J.F. Meyer, L. Spainhower,
Proc. ICSSEA 2001
[PDF.zip] |
Summary by
Armando FOx |
One-line summary:
To apply performability framework to Internet services, pick a metric such as
probability of rejected request (due to admission control during spike) or
probability of excess latncy to satisfy requiest; then assign reward levels 0 or
1 to the random var, and generate and solve a stochastic-process model of the
system to obtain a performability rating for it.
Overview/Main Points
Interesting short paper from lisa spainhower and john meyer (umich),
on applying performability to inet services.

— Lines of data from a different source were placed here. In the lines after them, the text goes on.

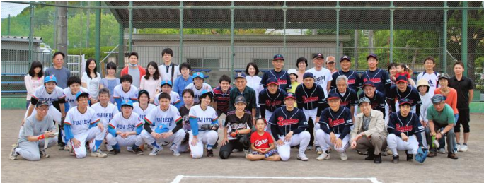
平成28年6月4日 藤枝市民グラウンド野球場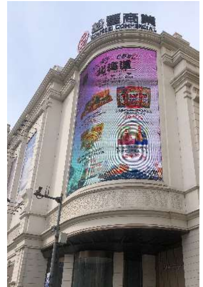
店舗外壁面でのディスプレイによる告知 3箇所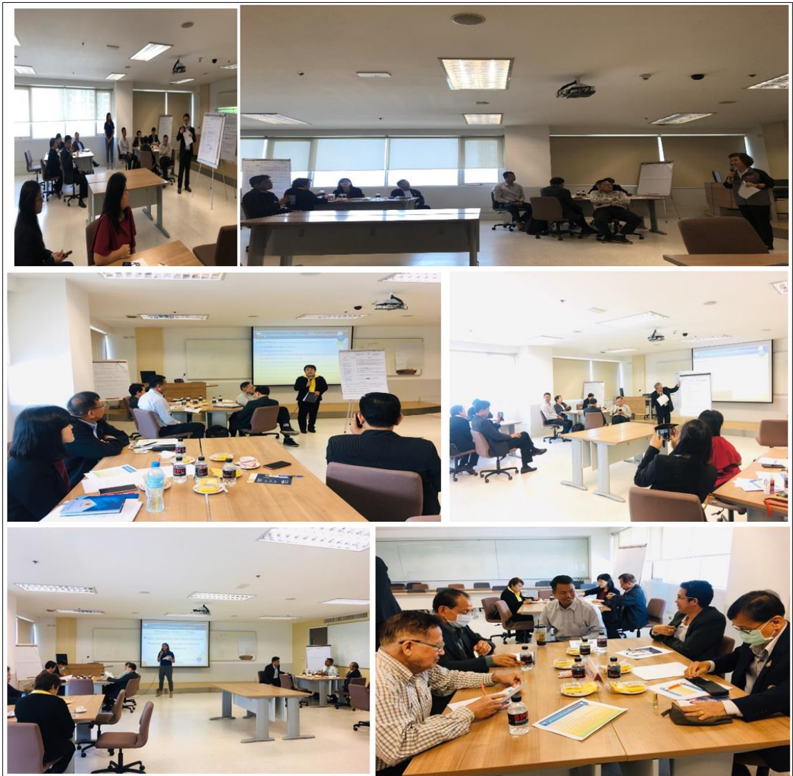
ภาพประกอบที่ 5.1 การจัดสถานที่กลุ่มเฉพาะ 4 กลุ่ม

(3) การจัดเตรียมอุปกรณ์ที่ใช้ในการจัดทำ Co-Design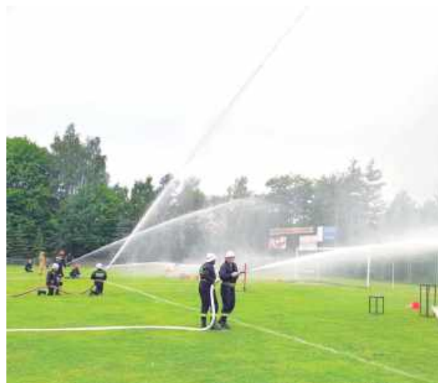
Tego dnia pogoda dopisała. Woda lała się na szczęście tylko ze strażackich węży

cjach - sztafecie pożarniczej i ćwiczeniu bojowym. W przypadku pierwszej z konkurencji kluczowe znaczenie ma czas. Zawodnicy na dystansie 50 metrów mają do pokonania przeszkody takie jak płotek,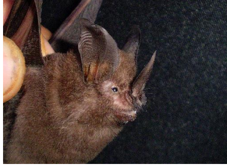
26. Macrophyllum macrophyllum * Murciélago pemilargo PHYLLOSTOMIDAE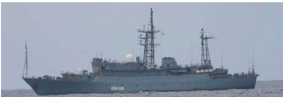
ヴィンニャ級情報収集艦 (艦番号「535」)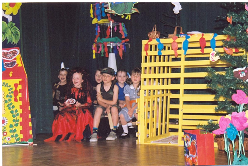
Jaś i Małgosia 82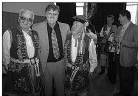
■ Poľský folklórny súbor Jadowniczanie v rámci VEČERA NÁRODOV v Dome kultúry Družba v Leviciach.

V nedeľu dopoludnia sa konala za účasti zahraničných hostí slávnostná svätá omša v rímskokatolíckom kostole svätého Michala a slávnostné služby Božie v kostole Reformovanej cirkvi.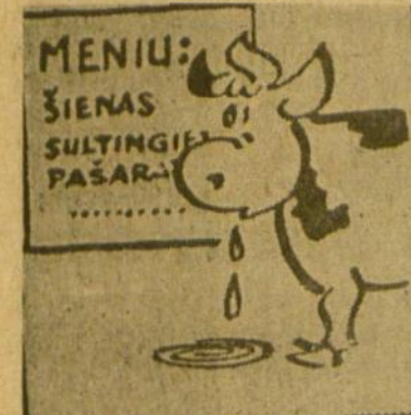
Karvė ašaroja, žiūrėdama į skirtumą tarp plano ir tikrovės. (Vals tiečių laikraščio piešinys).

"Labai rūpinasi gyvūnais šakių rajono "Šviesos" kolūkie galvijų fermos darbuotojai. Prie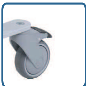
Koła o niskim tarciu

Mocowanie podwieszki: Minimalny nacisk skierowany w dół zamyka hak podwieszki; w celu otwarcia haka pod- wieszki pociągnąć w górę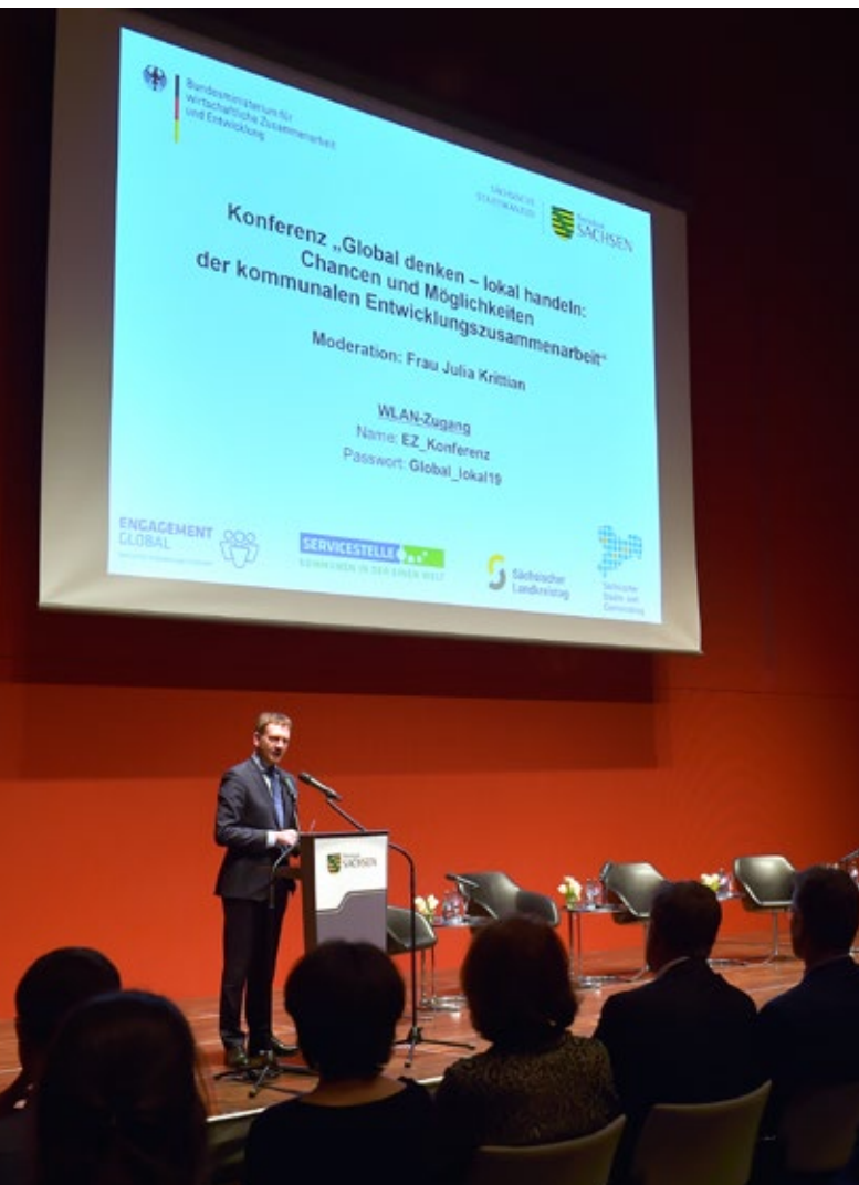
Ministerpräsident Kretschmer begrüßt die Teilnehmenden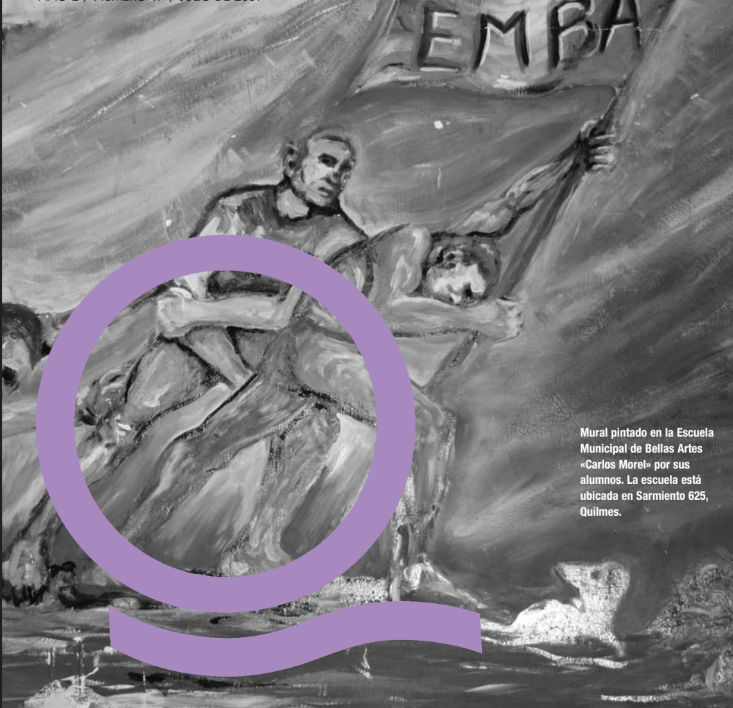
Mural pintado en la Escuela Municipal de Bellas Artes «Carlos Morel» por sus alumnos. La escuela está ubicada en Sarmiento 625, Quilmes.

BOLETÍN MENSUAL DE INFORMACIÓN PARA LAS VECINAS Y LOS VECINOS DE QUILMES AÑO 2 / NÚMERO 17 / JULIO DE 2009

they propose a 5-step approach that would allow a performability
characterization of an inet service. basically it requires the steps i
outlined at the mini-tutorial on fri, viz:
1. pick the parameter you want to measure that captures
"degradation" (in the example in this paper,eg, they showed
how you could use the probability that the server rejects a request
because it's down, too busy, etc, or you could use the incremental
latency experienced by a particular request due to high load. they did
not consider anything like having the server return a less-than-perfect
result, or other types of degradation)
2. characterize the workload with respect to the parameter (eg: given
the request load over a particular observaiton window, you can figure
out *from the user's perspective* the probabiltiy distribution that a
given request will be rejected)
3-5. build a stochastic model of the system and solve it (the
state transitions diagram stuff i showed you, resulting in the different
'performability' curves) - in the paper they don't try to do this but
assert that "well known methods"can be used
there is a pointer to another paper by Meyer (reference #16) that
"suggests the feasibility" of doing this, but i haven't read
that ppr...anyone?
-----Original Message-----
From: Lisa Spainhower [mailto:[email protected]] Sent: Monday,
September 16, 2002 12:21 PM To: [email protected] Subject: RE: MTTR
beats MTTF
Armando, The mainframe mixed workload case has parallels in the
distributed world and, in my estimation, will increasingly do so. Even
in a simple web server environment there is are DNS and firewall and
usually some kind of workload distributor servers that have more global
effect if they fail (bigger 'impact ratio')as compared to web servers
per se. In ERP applications like SAP it is common to have a big backend
DB server and lots of smaller application servers but some applications
- e.g., ordering - may impact other apps and some applications -
reporting, for instance - don't. This sort of componentization is
probably going to increase. I've quickly looked over your paper and want
to read it more carefully. Not to seem like I'm pushing my own paper,
but a more recent publication by John Meyer and myself on performability
does seem relevant. It is "Performability: an e-Utility
Imperative" published in ICSSEA 2001. I've attached the final
version. (See attached file: meyspain.doc)
Relevance
A tie between perforambility and Internet service workloads, which are not
what performability was originally designed to describe.
Flaws
The metrics proposed to be captured (probability of rejected request,
probability of excess latency) are effectively binary-valued...we should be able
to do better with gracefully-degrading primitives.
Doesn't say what to do with the performability curve once we have it.
(This came up at Sept. Santa Cruz retreat.) What does an operator do with
this number? What does it tell him/her? (We have been arguing that
MTTR is the metric for impact, not performability, but that we need a way to
capture degraded behavior when we are working on lowering MTTR.)